Brain Imaging and Behavior

, Volume 12, Issue 2, pp 518–531 | Cite as

Treatment effect of methylphenidate on intrinsic functional brain network in medication-naïve ADHD children: A multivariate analysis

  • Jae Hyun Yoo
  • Dohyun Kim
  • Jeewook Choi
  • Bumseok Jeong
Original Research


Methylphenidate is a first-line therapeutic option for treating attention-deficit/hyperactivity disorder (ADHD); however, elicited changes on resting-state functional networks (RSFNs) are not well understood. This study investigated the treatment effect of methylphenidate using a variety of RSFN analyses and explored the collaborative influences of treatment-relevant RSFN changes in children with ADHD. Resting-state functional magnetic resonance imaging was acquired from 20 medication-naïve ADHD children before methylphenidate treatment and twelve weeks later. Changes in large-scale functional connectivity were defined using independent component analysis with dual regression and graph theoretical analysis. The amplitude of low frequency fluctuation (ALFF) was measured to investigate local spontaneous activity alteration. Finally, significant findings were recruited to random forest regression to identify the feature subset that best explains symptom improvement. After twelve weeks of methylphenidate administration, large-scale connectivity was increased between the left fronto-parietal RSFN and the left insula cortex and the right fronto-parietal and the brainstem, while the clustering coefficient (CC) of the global network and nodes, the left fronto-parietal, cerebellum, and occipital pole-visual network, were decreased. ALFF was increased in the bilateral superior parietal cortex and decreased in the right inferior fronto-temporal area. The subset of the local and large-scale RSFN changes, including widespread ALFF changes, the CC of the global network and the cerebellum, could explain the 27.1% variance of the ADHD Rating Scale and 13.72% of the Conner’s Parent Rating Scale.
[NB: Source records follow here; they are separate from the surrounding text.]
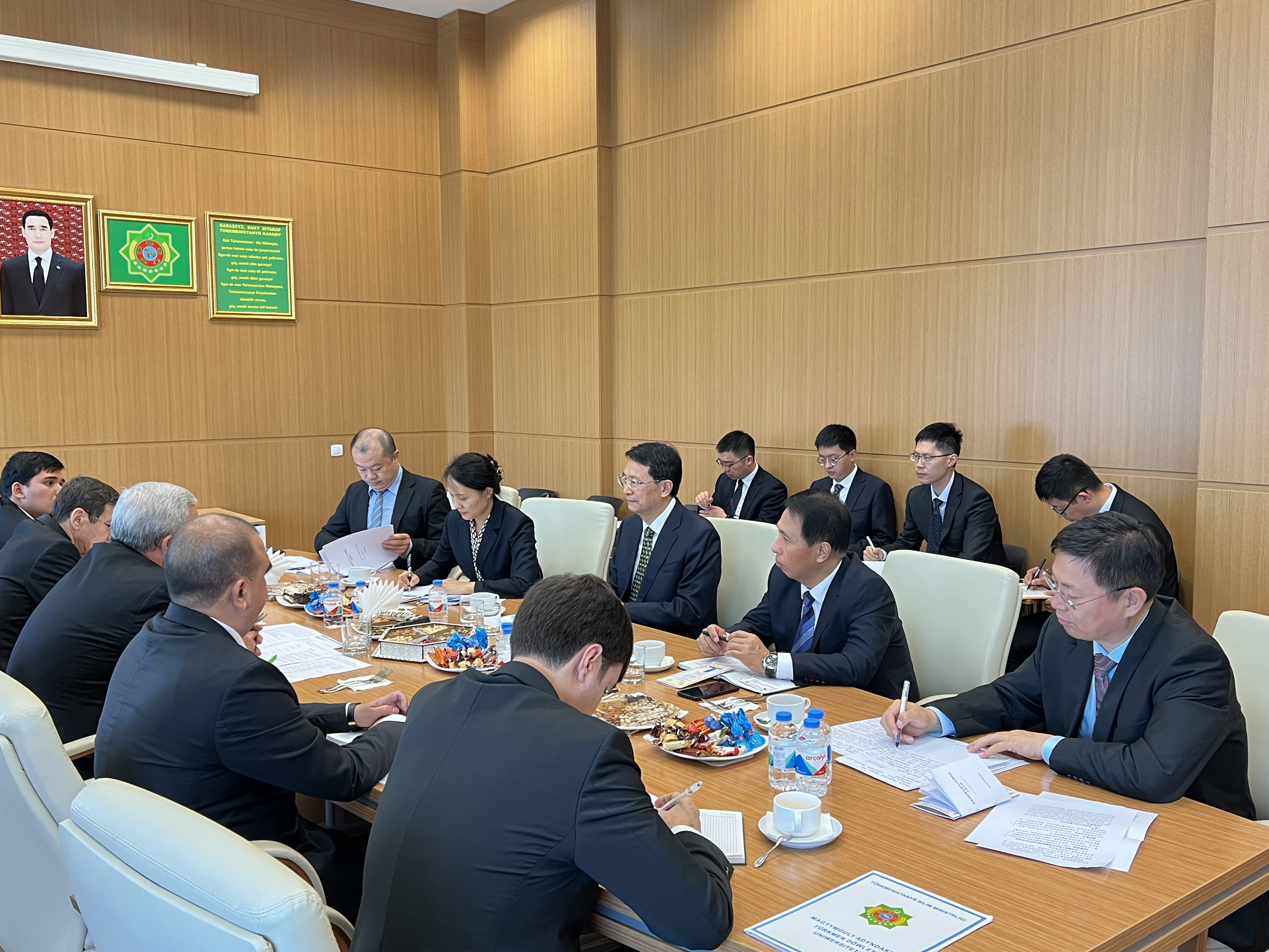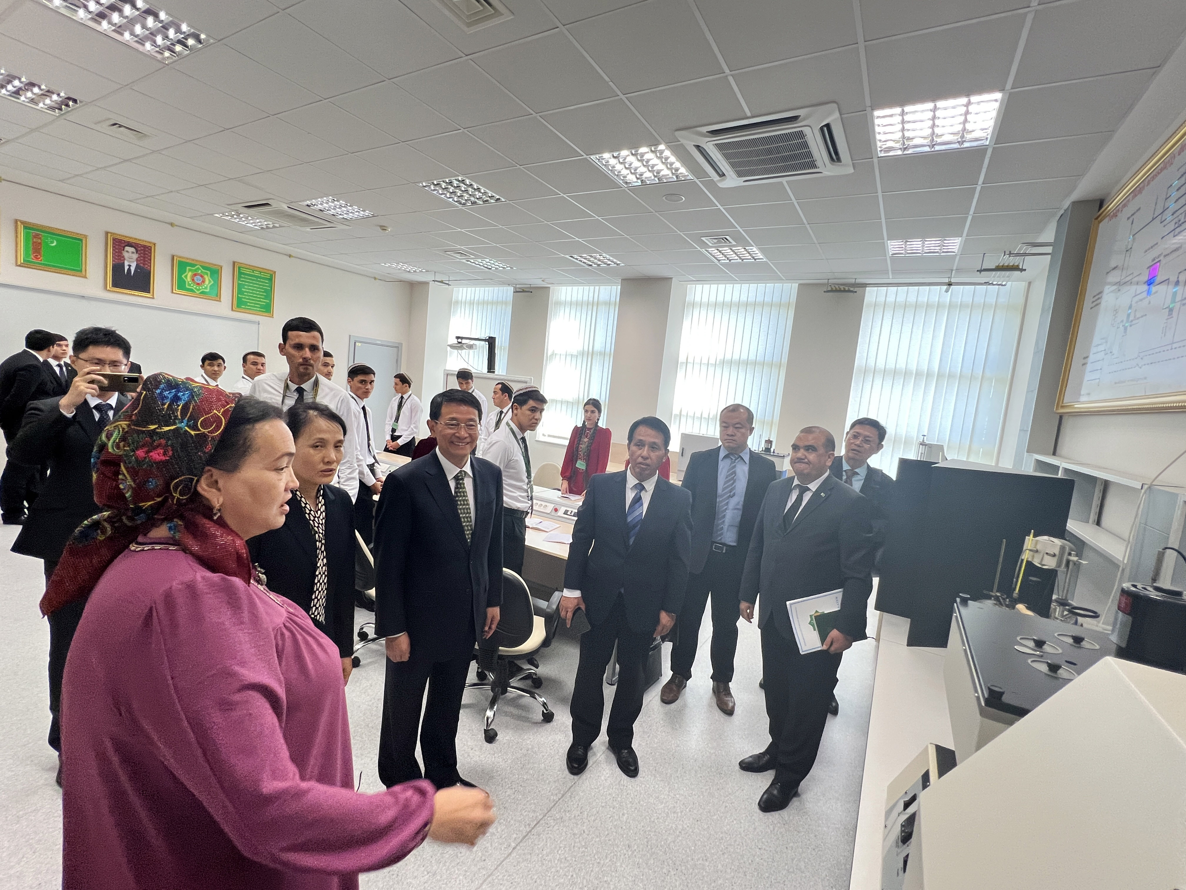 2023年9月11日,李越参赞陪同国合署邓波清副署长会见土油气大学校长阿塔曼诺夫,就加强两国文化领域合作、加快推动鲁班工坊落地等问题交换意见,并考察学校基础设施建设情况。
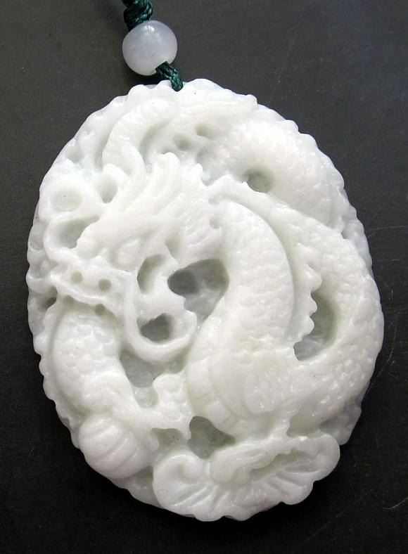 Jade 255cts of Real White Green Jade Super Power Dragon Amulet
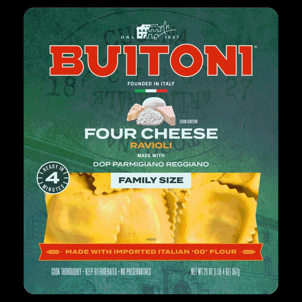 Introducing NEW & improved Buitoni Four Cheese Ravioli! Stuffed with ricotta, whole milk mozzarella, imported DOP Parmigiano Reggiano, and asiago cheeses, it's perfect for the whole family to enjoy. M…
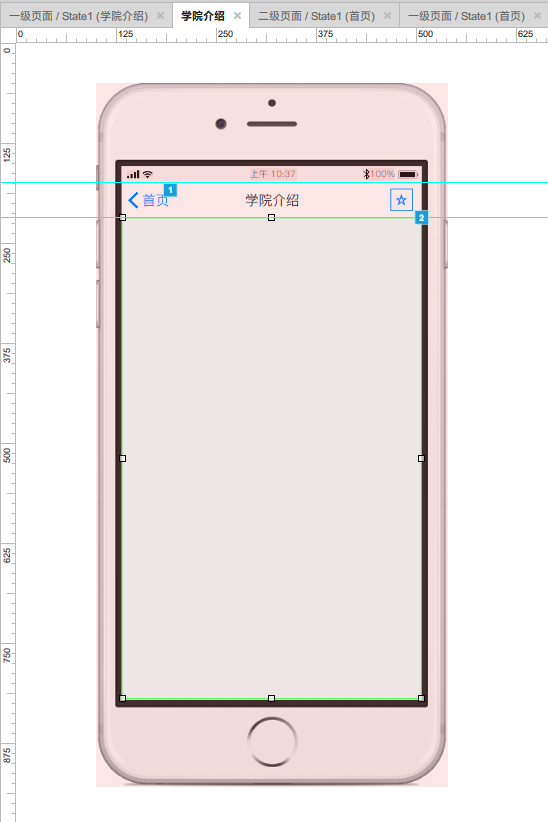 2、然后拖入一个动态面板 375*646 ,命名为一级页面,这是我们给外界展示的大小。

Our multivariate approach suggests that the neural mechanism of methylphenidate treatment could be associated with alteration of spontaneous activity in the superior parietal cortex or widespread brain regions as well as functional segregation of the large-scale intrinsic functional network.


Attention deficit-hyperactivity disorder Methylphenidate Functional magnetic resonance imaging Resting state networks Machine learning 


Compliance with ethical standards


This research was supported by the Brain Research Program through the National Research Foundation of Korea (NRF) funded by the Ministry of Science, ICT & Future Planning (NRF-2016M3C7A1914448 to B.J.), and by KAIST Future Systems Healthcare Project from the Ministry of Education, Science and Technology (N11160068 to B.J.)

Conflict of interest

All authors declares that they have no conflict of interest.

Ethical approval

All procedures performed in studies involving human participants were in accordance with the ethical standards of the institutional and/or national research committee and with the 1964 Helsinki declaration and its later amendments or comparable ethical standards.

Informed consent

Informed consent was obtained from all individual participants and their parents included in the study.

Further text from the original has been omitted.